# [Task statement]
Transcribe the lines below verbatim, skipping the images.

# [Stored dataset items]
-------
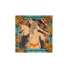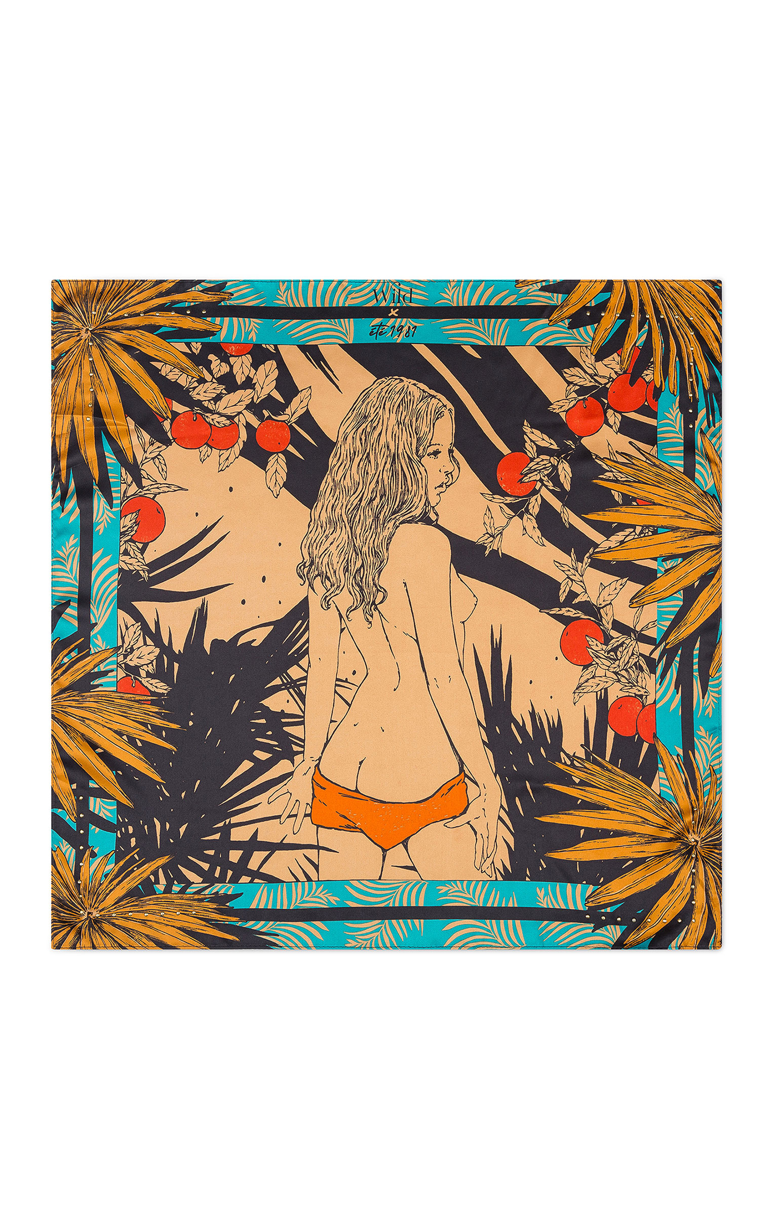 Mini scarf decorated with an original "Summer 1981" drawing by the artist. It depicts a young woman undressing in a lush garden immaculately decorated with oranges, in shades of coffee, black, turquoise, orange and coral red.
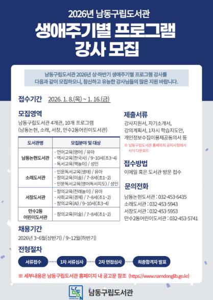 [뉴스앤톡] 인천시 남동구 구립도서관은 3~12월까지 운영하는 ‘2026년 상·하반기 생애주기별 프로그램’에 함께 할 프로그램 강사를 공개 모집한다고 12일 밝혔다.
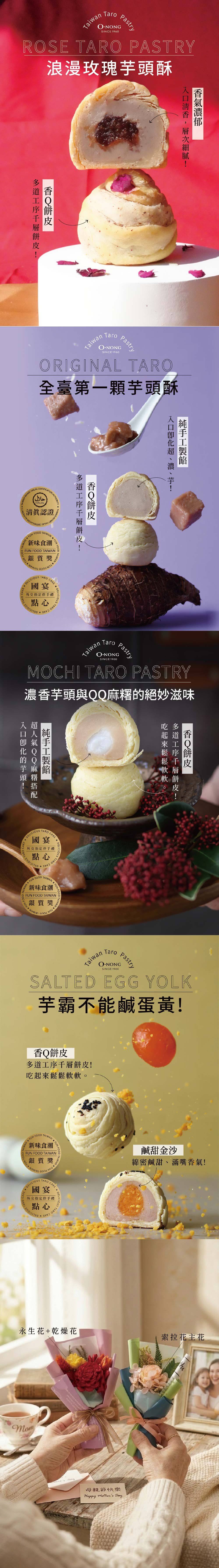【芋頭酥】台灣芋頭酥是由台灣大甲芋頭產業推手芋頭酥之父阿聰師所發明創造,嚴選上等芋頭,在芋頭酥之父「阿聰師」的巧手下,化做一片片層次分明的玫瑰花瓣。
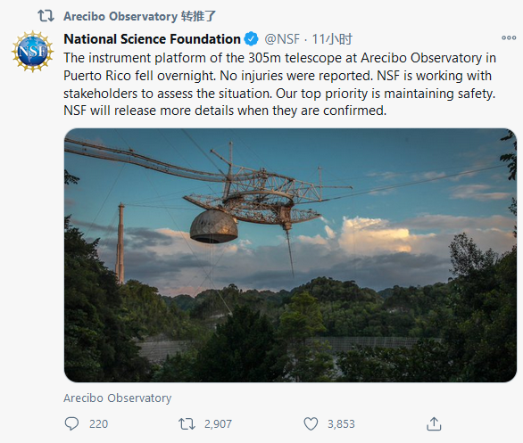 另據美國國家科學基金會(NSF)發佈推文介紹,望遠鏡的電子接收器墜落後,沒有人員傷亡報告。目前,該基金會正在與利益相關方合作評估情況。“我們的首要任務是維護安全。確認後,NSF將發佈更多詳細信息。”
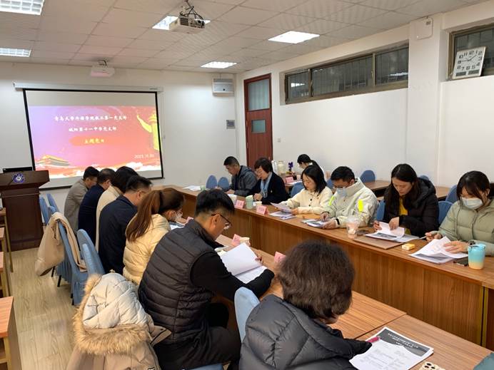 2023年11月30日下午,青岛城阳十一中学党支部一行6人来到KY开元集团官网,与KY开元集团官网教工第一党支部共同举行主题党日活动,就共建“一带一路”倡议十周年、高等教育和义务教育阶段的教育思想展开交流。城阳第十一中学党支部书记李彩云、党支部副书记吕廷良校长、支部委员周春光、郭竹红、党员代表李超、王飞谷同志,KY开元集团官网教工第一党支部全体党员,以及研究生党员代表、学科教学(英语)23级研究生张文馨参加本次党日活动。
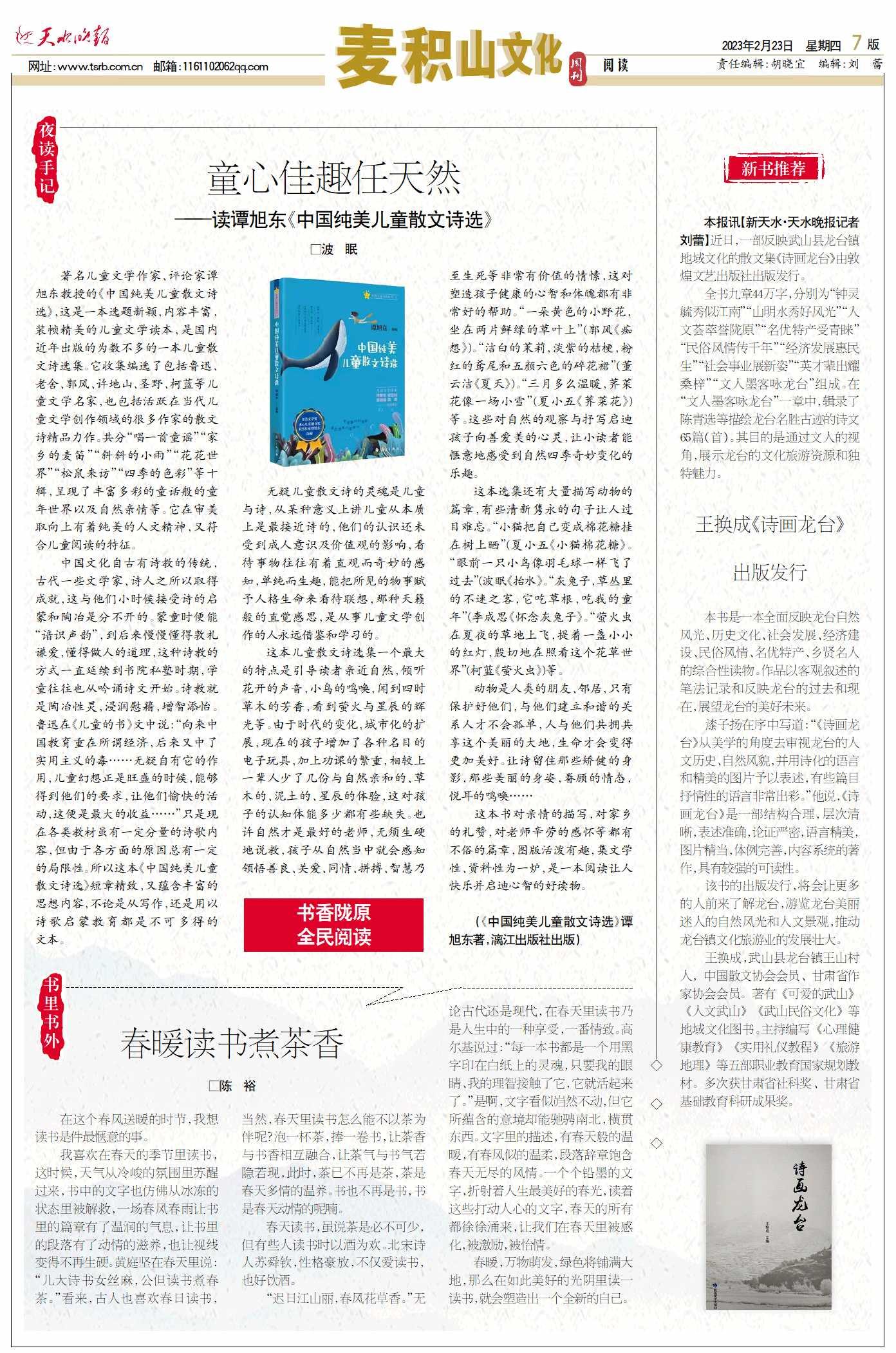 新天水讯【记者刘蕾】近日,一部反映武山县龙台镇地域文化的散文集《诗画龙台》由敦煌文艺出版社出版发行。
-------
# [Exercise response]
 Mini scarf decorated with an original "Summer 1981" drawing by the artist. It depicts a young woman undressing in a lush garden immaculately decorated with oranges, in shades of coffee, black, turquoise, orange and coral red.
 [뉴스앤톡] 인천시 남동구 구립도서관은 3~12월까지 운영하는 ‘2026년 상·하반기 생애주기별 프로그램’에 함께 할 프로그램 강사를 공개 모집한다고 12일 밝혔다.
【芋頭酥】台灣芋頭酥是由台灣大甲芋頭產業推手芋頭酥之父阿聰師所發明創造,嚴選上等芋頭,在芋頭酥之父「阿聰師」的巧手下,化做一片片層次分明的玫瑰花瓣。
 另據美國國家科學基金會(NSF)發佈推文介紹,望遠鏡的電子接收器墜落後,沒有人員傷亡報告。目前,該基金會正在與利益相關方合作評估情況。“我們的首要任務是維護安全。確認後,NSF將發佈更多詳細信息。”
 2023年11月30日下午,青岛城阳十一中学党支部一行6人来到KY开元集团官网,与KY开元集团官网教工第一党支部共同举行主题党日活动,就共建“一带一路”倡议十周年、高等教育和义务教育阶段的教育思想展开交流。城阳第十一中学党支部书记李彩云、党支部副书记吕廷良校长、支部委员周春光、郭竹红、党员代表李超、王飞谷同志,KY开元集团官网教工第一党支部全体党员,以及研究生党员代表、学科教学(英语)23级研究生张文馨参加本次党日活动。
 新天水讯【记者刘蕾】近日,一部反映武山县龙台镇地域文化的散文集《诗画龙台》由敦煌文艺出版社出版发行。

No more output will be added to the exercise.